Lockheed Martin, GMV and Inmarsat are to participate in a Geoscience Australia-led project that aims to improve the accuracy, integrity and availability of basic Global Navigation Satellite System (GNSS) signals, such as those currently provided by the Global Positioning System (GPS).
In January, the Commonwealth announced it would invest $12 million for a two-year project to trial a Satellite Based Augmentation System (SBAS), which uses space-based and ground-based aids to support GNSS.
Geoscience Australia said the tests would evaluate the effectiveness and application in SBAS across nine industries – agriculture, aviation, construction, maritime, mining, rail, road, spatial, and utilities.
Currently, SBAS is operating in the United States and Europe.
“Highly accurate positioning technologies are already available in Australia, but they are expensive and only available in specific areas and to niche markets,” then Geoscience Australia acting chief executive James Johnson said in a statement on January 17.
“Research has shown that the wide-spread adoption of improved positioning technology has the potential to generate upwards of $73 billion of value to Australia by 2030.”
Spanish company GMV will install an SBAS testbed master station, which will collect data from Geoscience Australia-operated reference stations and generate augmentation messages.
That data will be sent via a Lockheed Martin uplink antenna at Uralla, New South Wales, to a geostationary earth orbit satellite owned by Inmarsat.
“This satellite rebroadcasts the augmentation messages containing corrections and integrity data to the end users. The whole process takes less than six seconds,” Lockheed Martin Space Systems Company director for international strategy and business development Rod Drury said in a statement.
In February, Federal Minister for Infrastructure and Transport Darren Chester said New Zealand would contribute another $2 million towards the trial.
“The two-year project will test SBAS technology that has the potential to improve positioning accuracy in the region to less than five centimetres. Currently, positioning in Australasia is usually accurate to five to 10 metres,” Chester said in a statement on February 17.
“Not only do we use positioning technology everyday through apps like Google Maps but it is essential to all four transport sectors—aviation, maritime, rail, and road.
“Improving positioning technology has the potential to open up a whole range of new opportunities for transport sectors, including building on technological developments in maritime navigation and automated train management systems to a future that includes driverless and connected cars.”
Land Information New Zealand (LINZ), the New Zealand Transport Agency, the New Zealand Ministry of Business, Innovation and Employment, and the New Zealand Ministry of Transport would participate in the trials, Chester said.
Applications from specific industries to join the trial would open in March.
Lockheed Martin Australia and New Zealand Chief Executive Vince Di Pietro said: “We are excited to have an opportunity to work with Geoscience Australia and Australian industry to demonstrate the best possible GNSS performance and proud that Australia will be leading the way to enhance space-based navigation and industry safety.”
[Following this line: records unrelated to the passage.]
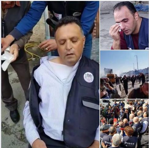 أصيب عدد من الصحافيين الفلسطينيين والأجانب بالاختناق الشديد، فيما أصيب نقيب الصحافيين الفلسطينيين ناصر أبو بكر بقنبلة غاز بشكل مباشر في الكتف، جراء مهاجمة جيش الاحتلال مسيرة سلمية للصحافيين بالقرب من حاجز قلنديا العسكري شمال القدس المحتلة.وهاجم جنود الاحتلال الصحافيين بقنابل الغاز، رغم ان المسيرة كانت على بعد اكثر من 150 مترا عن الحاجز، وأطلق الجنود القنابل بشكل مباشر لإلحاق الأذى بالمشاركين.ومن بين المصابين بالاختناق، أعضاء في الاتحاد الدولي للصحافيين، واتحاد الصحافيين العرب.وتأتي الفعالية دعما لحرية الصحافيين الفلسطينيين في الأراضي الفلسطينية، بالعمل والحركة والتغطية، دون أية عوائق إسرائيلية.وتقول نقابة الصحافيين الفلسطينيين إن هناك مضايقات كبيرة يتعرض لها الصحافيون في الضفة الغربية، تقيد حركتهم في التنقل لمتابعة الانتهاكات.ووثق المركز الفلسطيني للتنمية والحريات الإعلامية “مدى” (غير حكومي)، 833 اعتداءً إسرائيليا ضد الحريات الإعلامية في الضفة وغزة والقدس، منذ مطلع 2016، وحتى منتصف 2018.!!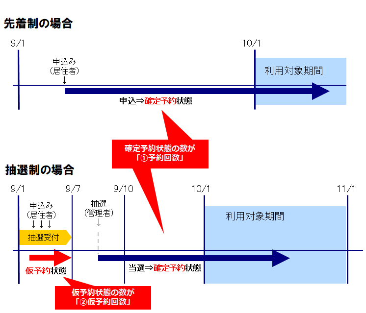 (先着順の場合は予約した回数、抽選の場合は当選して予約できた回数)
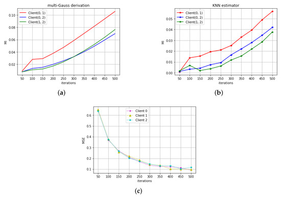 Figure 1a,b shows the MI estimations in the regression task by two methods. The unit of MI is bit. Client(0, 1), Client(0,2), Client(1, 2), respectively, indicate MI between model parameters as Client 0 and 1, Client 0 and 2, Client 1 and 2. From the results of both methods, we can see that the MI between all of three clients are always larger than zero throughout the whole training epoch, which shows the correlation between different clients in the federated mode. Figure 1c shows the decrease of MSE with training iteration. All three models were trained well in their own data, and all of them eventually converge to a similar MSE with similar training patterns. Comparing to similar MSE variations, Figure 1a,b show the difference of MI between different client-pairs.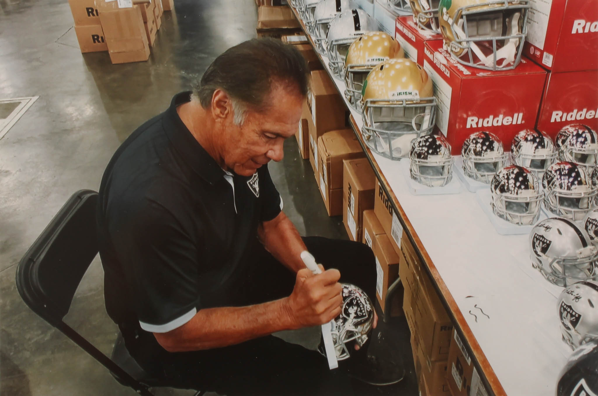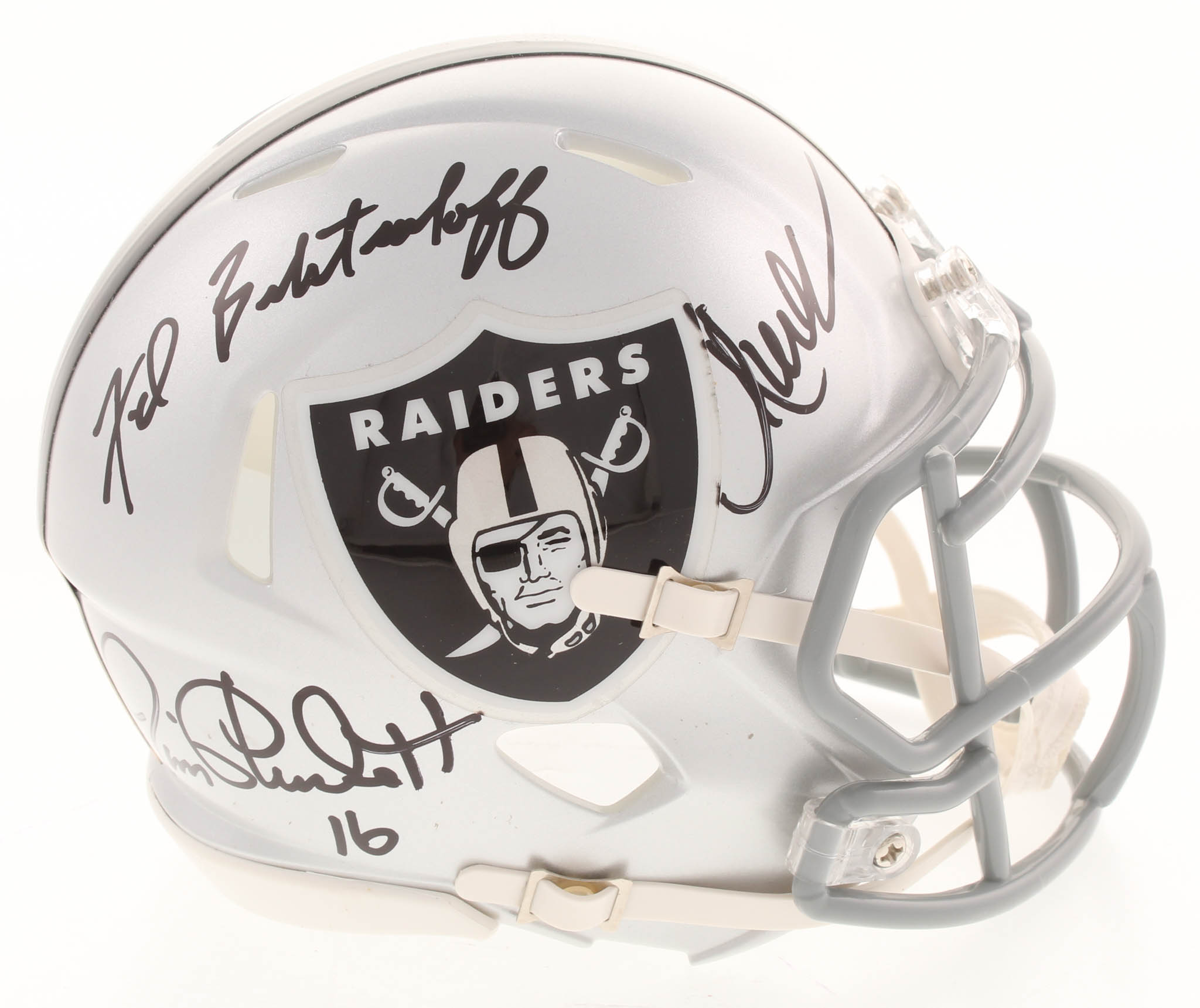 Riddell Oakland Raiders speed mini helmet. Hand-signed in black felt tip pen by Marcus Allen (HOF), Fred Biletnikoff (HOF) and Jim Plunkett.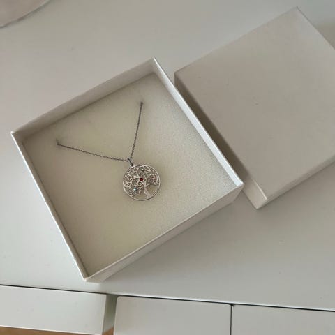 Elämänpuuriipus, turkoosi howliitti-pisarakivi, pituus 4,5 cm, ihana ohut pallo -teräsketju 50 cm, h. 14 € + pk 2,75

Regional Aviation Association of Australia chief executive Mike Higgins noted the International Civil Aviation Organisation (ICAO) had accepted SBAS as one of the three fundamental augmentation technologies for GNSS.
“Many other states have now deployed or are deploying SBAS around the world. While aviation provided the primary impetus for SBAS development, that industry is now a minor user of the system and its advantages are now recognised across an expanding user base,” Higgins wrote in the November 2016 edition of Australian Aviation.
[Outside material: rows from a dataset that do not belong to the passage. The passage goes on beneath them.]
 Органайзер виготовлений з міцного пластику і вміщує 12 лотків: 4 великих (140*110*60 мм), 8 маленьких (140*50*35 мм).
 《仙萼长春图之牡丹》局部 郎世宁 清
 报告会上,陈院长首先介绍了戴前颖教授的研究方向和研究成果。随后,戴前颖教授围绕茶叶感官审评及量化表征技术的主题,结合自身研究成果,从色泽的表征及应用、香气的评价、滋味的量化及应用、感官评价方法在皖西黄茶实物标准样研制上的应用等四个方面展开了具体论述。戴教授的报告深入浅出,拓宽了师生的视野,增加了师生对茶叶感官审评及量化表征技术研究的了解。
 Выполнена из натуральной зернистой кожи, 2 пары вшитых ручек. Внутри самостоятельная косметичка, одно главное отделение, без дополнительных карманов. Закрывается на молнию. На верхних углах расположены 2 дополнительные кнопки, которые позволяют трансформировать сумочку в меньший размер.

Higgins wrote that WAAS, or the wide area augmentation system, which uses SBAS technology, was first deployed in the US in July 2003 to overcome the limitations of GPS and now provides some 4,000 runway approaches across the US, Canada and Mexico.
“It has become the primary Category I landing guidance system in the US replacing ILS, allowing localiser performance with vertical guidance – LPV – approaches down to 250 or 200ft minima.”